Esto confirmó que el MC3R es una parte necesaria de cómo el estado nutricional controla la producción de hormonas sexuales.

El profesor Sir Stephen O'Rahilly, uno de los autores principales del estudio y director de la Unidad de Enfermedades Metabólicas del MRC de la Universidad de Cambridge, afirma que "este descubrimiento muestra cómo el cerebro puede percibir los nutrientes e interpretarlos para tomar decisiones subconscientes que influyen en nuestro crecimiento y desarrollo sexual".

"La identificación de la vía cerebral por la que la nutrición se convierte en crecimiento y pubertad explica un fenómeno global de aumento de la estatura y disminución de la edad de la pubertad que ha desconcertado a los científicos durante un siglo --prosigue--. Nuestros hallazgos tienen implicaciones prácticas inmediatas para el análisis de niños con graves retrasos en el crecimiento y el desarrollo puberal en busca de mutaciones en el MC3R".

Añade que "esta investigación puede tener implicaciones más amplias que el desarrollo infantil y la salud reproductiva. Muchas enfermedades crónicas están asociadas a la pérdida de masa magra, incluida la muscular, con la consiguiente fragilidad. Esto responde mal a simples suplementos nutricionales como las bebidas ricas en proteínas".

Según explica, "el hallazgo de que la actividad de la vía del MC3R influye en la cantidad de masa magra que lleva una persona sugiere que la investigación futura debería investigar si los fármacos que activan selectivamente el MC3R podrían ayudar a redirigir las calorías hacia el músculo y otros tejidos magros con la perspectiva de mejorar el funcional físico de tales pacientes".

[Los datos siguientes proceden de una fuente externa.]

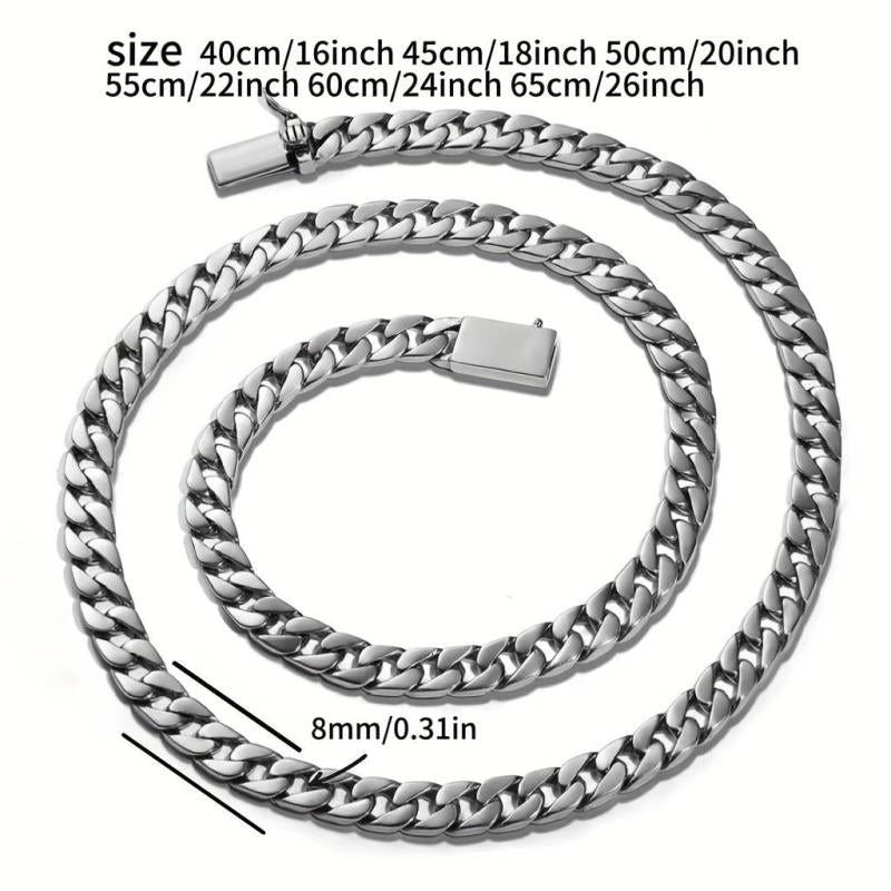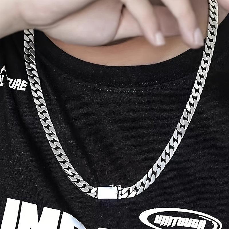 Add a touch of punk style to your daily look with this glittering stainless steel Cuban chain necklace. The magnetic closure makes it easy to wear every day, ensuring durability and a perfect fit.

El profesor John Perry, autor principal del estudio de la Unidad de Epidemiología del MRC de la Universidad de Cambridge, destaca que "este es un momento muy emocionante para la genética humana. El análisis de las secuencias genéticas de un gran número de participantes en la investigación nos permite comprender procesos biológicos fundamentales que hasta ahora eran difíciles de comprender. Combinando estos estudios con experimentos en modelos celulares y animales, seguiremos descubriendo nuevos conocimientos y comprendiendo los mecanismos que subyacen al crecimiento humano y a las enfermedades metabólicas".